Hi russdot, try using \vec{B} instead of B in your LaTeX equations, and put the whole equation in LaTeX to make it easier to read.

The Biot-Savart Law for a surface current is:

$$\vec{B}(\vec{r})=\frac{\mu _0}{4 \pi} \int \frac{\vec{K}(\vec{r'}) \times \widehat{\vec{r}-\vec{r'}}}{|\vec{r}-\vec{r'}|^2} d^3r'$$

Such integrals are tedious to evaluate, so if you are allowed to use Ampere's law or calculate the vector potential $\vec{A}$ first, I would do that.

 

[russdot]

Hi gabbagabbahey,
Thanks for the tips, I'm still getting used to the LaTeX notation.

marcusl,
Ok, and then each infinitesimal loop will have a current I = $$\sigma 2 \pi R dr$$.

 

[gabbagabbahey]

Hi gabbagabbahey,
Thanks for the tips, I'm still getting used to the LaTeX notation.

marcusl,
Ok, and then each infinitesimal loop will have a current I = $$\sigma 2 \pi R dr$$.

You're welcome

Shouldn't each loop have a current of $2 \pi r \sigma \omega dr$?

 

[russdot]

Ah yes, I really should eat some food...
but since $$\vec{I} = \lambda \vec{v}$$
and $$\lambda = \sigma 2 \pi dr$$
and $$\vec{v} = r \vec{\omega}$$
then $$\vec{I} = \sigma 2 \pi \vec{\omega} r dr$$, correct?

 

[gabbagabbahey]

Yep, looks good to me (my sigma didn't show up right the first time)...what then is the magnetic field of each loop? What do you get for the total magnetic field?

 

[russdot]

what then is the magnetic field of each loop?

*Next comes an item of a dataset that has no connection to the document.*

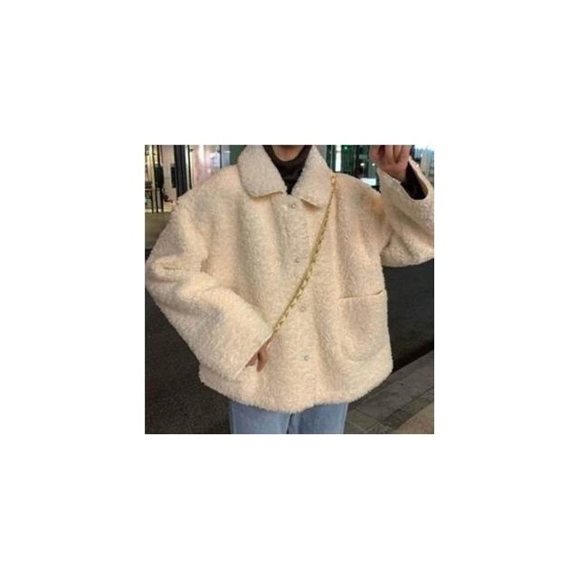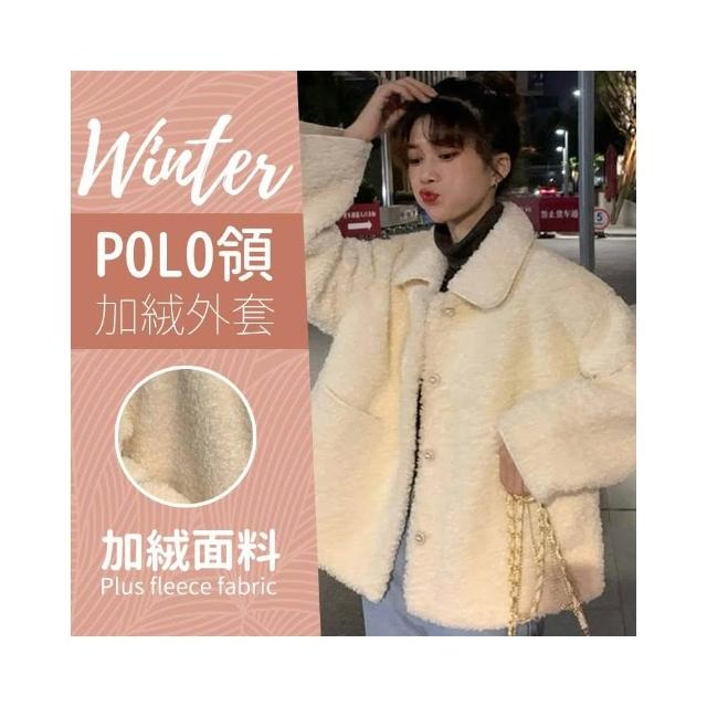 JDUDS加絨加厚百搭POLO領仿羊羔毛絨外套 仿羊羔毛外套 大尺碼上衣 女學生慵懶風

For the magnetic field of each loop (along Z axis), I get:
$$\vec{B}(z) = \frac{\mu_{0}}{4 \pi} \int \frac{\sigma 2 \pi \omega x'^{2} (\hat{\phi} \times \hat{r})dx'd\phi}{x'^{2} + z^{2}}$$
where $$\hat{\phi} \times \hat{\r} = \hat{k}cos\psi + \hat{R}sin\psi$$
($$\psi$$ is the angle between$$\vec{r} = \vec{x} - \vec{x}'$$ and $$\hat{R}$$ where $$\hat{R}$$ is the cylindrical radial unit vector)

the $$sin\psi$$ term integrates out to zero, because $$\hat{R} = \hat{i}cos\phi + \hat{j}sin\phi$$ and I used the trig substitution $$cos\psi = \frac{x'}{\sqrt{x'^{2} + z^{2}}}$$

$$\vec{B}(z) = \mu_{0} \pi \sigma \omega \int_{0}^{R} \frac{ x'^{3} dx'}{(x'^{2} + z^{2})^{3/2}} \hat{k}$$

What do you get for the total magnetic field?

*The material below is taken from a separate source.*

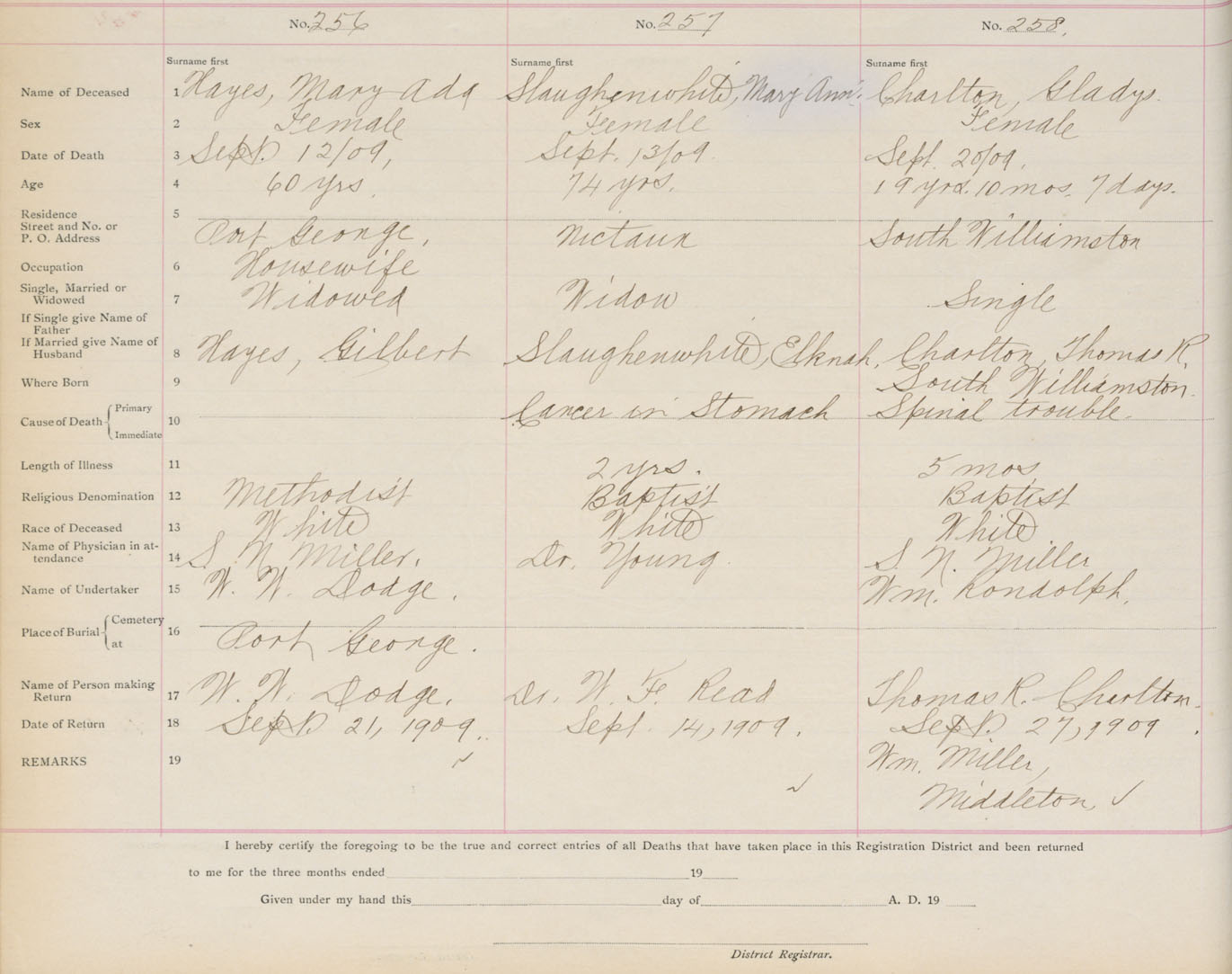 Death Registration: Year: 1909 book: 1 page: 43 number: 258

Which gives a total magnetic field:
$$\vec{B}(z) = \mu_{0} \pi \sigma \omega (\frac{2z^{2} + R^2}{\sqrt{z^{2} + R^{2}}} - 2z) \hat{k}$$

 

[Merlino91]

Uhm... wouldn't the current flowing through an infinitesimal loop be the charge divided by a period T=$$\frac{2\pi}{\omega}$$ ?
so
$$i=\sigma\omega rdr$$

P.s: how did you resolve the integral? Substituction with sinh(t) ? Are there any faster method?